Soprano Rochelle Bard performs with Cadenza on May 27. Photo by Dina Scoppettone.

Some local classical music presenters, both traditional and new, seem to struggle for audiences and financial support. Yet others flourish. Imagine a formula that would impart equal success to all such worthies. Likewise, imagine a formula that would deliver the promised “unlimited” energy of controlled nuclear fusion.

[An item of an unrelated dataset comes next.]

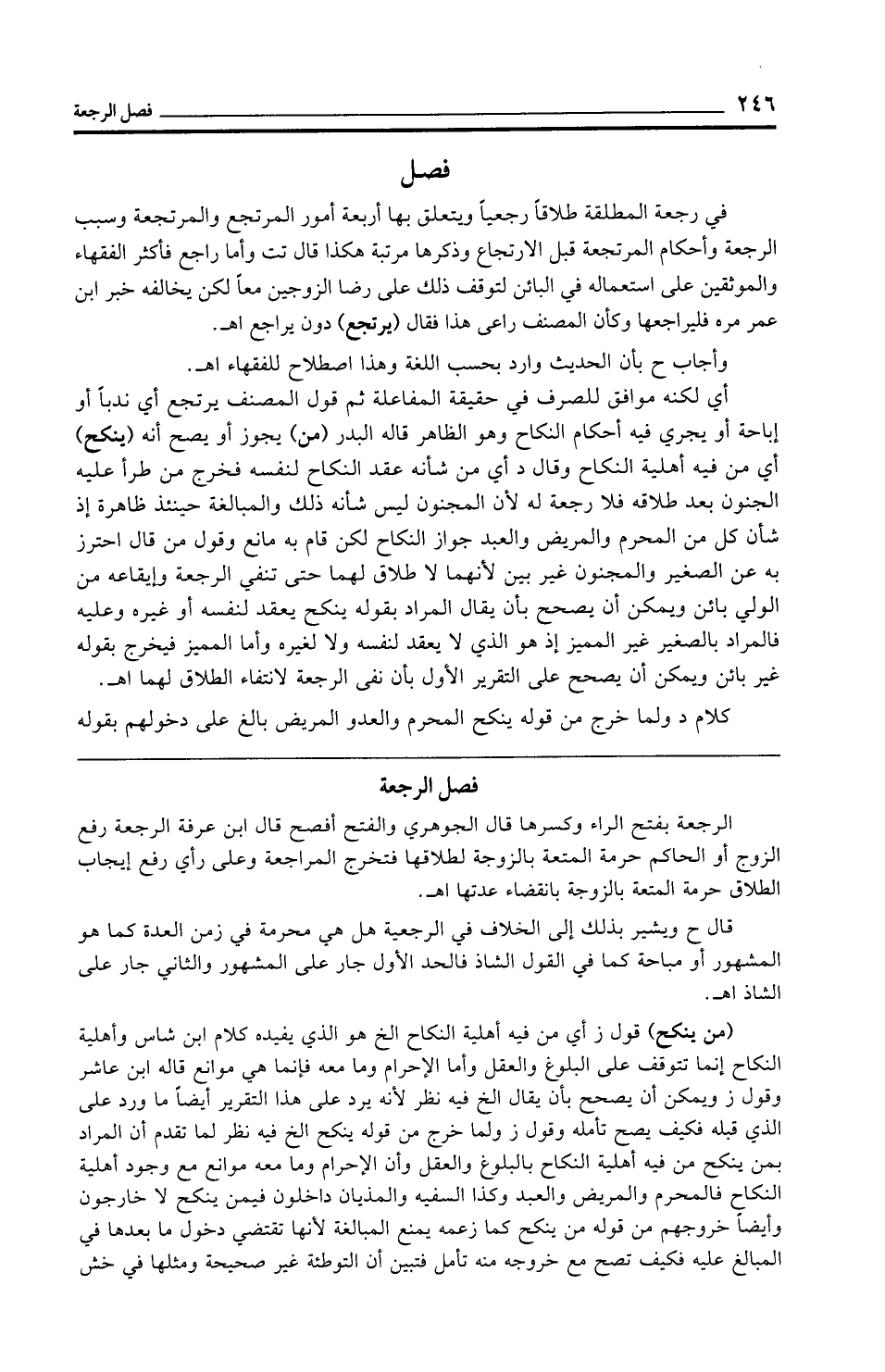 في رجعة المطلقة طلاقًا رجعيًّا ويتعلق بها أربعة أمور المرتجع والمرتجعة وسبب الرجعة وأحكام المرتجعة قبل الارتجاع وذكرها مرتبة هكذا قال تت وأما راجع فأكثر الفقهاء والموثقين على استعماله في البائن لتوقف ذلك على رضا الزوجين معًا لكن يخالفه خبر ابن عمر مره فليراجعها وكأن المصنف راعى هذا فقال (يرتجع) دون يراجع اهـ.

To find unlimited energy, one need look no further than artistic vision that drives, for example, Cadenza, the ensemble Maya Barsacq launched in 2006 under the name Santa Cruz Chamber Orchestra. Already known for its “more dynamic programming,” the renamed orchestra places new emphasis on the talents and virtuosity of the individual players. These musicians come from all over the Bay Area because, as Barsacq explains it, “They are hungry for opportunities to play in Santa Cruz.” So far, Cadenza’s reputation has grown by word of mouth. “I’ve never held auditions,” she says with no small pride.

Barsacq is descended from a dynasty of French artistic authority: her grandfather, André Barsacq, was a famous theater producer/designer/director in Paris; her maternal grandmother was a niece of Leon Bakst, the set and costume designer for Sergei Diaghilev’s Ballets Russes. With her mother as musical inspiration, Barsacq became an accomplished singer. UC–Santa Cruz enticed her in 1990 to study biochemistry. There, she continued her vocal studies with Patrice Maginnis and Brian Staufenbiel, then fell in love with literature, the field in which she took her undergrad degree. Someone planted the idea of conducting. Soon this polymath fell in with conductors Michel Singher and Barbara Day Turner in the South Bay, and studied with Nicole Paiement at UC. Though she graduated in 1993, Barsacq continued to develop her skills within the university’s extensive music faculty and resources. Most recently, she has worked with the highly respected George Cleve. (Cleve, she was surprised to discover, was a pupil of Pierre Monteux, Diaghilev’s Ballets Russes conductor in Paris.)

Barsacq says she loves the challenge and process of working with musicians and composers. She has offered local premieres, including some obscure incidental music by Poulenc and Milhaud composed for some of her grandfather’s theater productions. She has introduced recent works from republics of the former Soviet Union, including the U.S. premiere of Latvian composer Peteris Vasks’ Viatore, in 2008.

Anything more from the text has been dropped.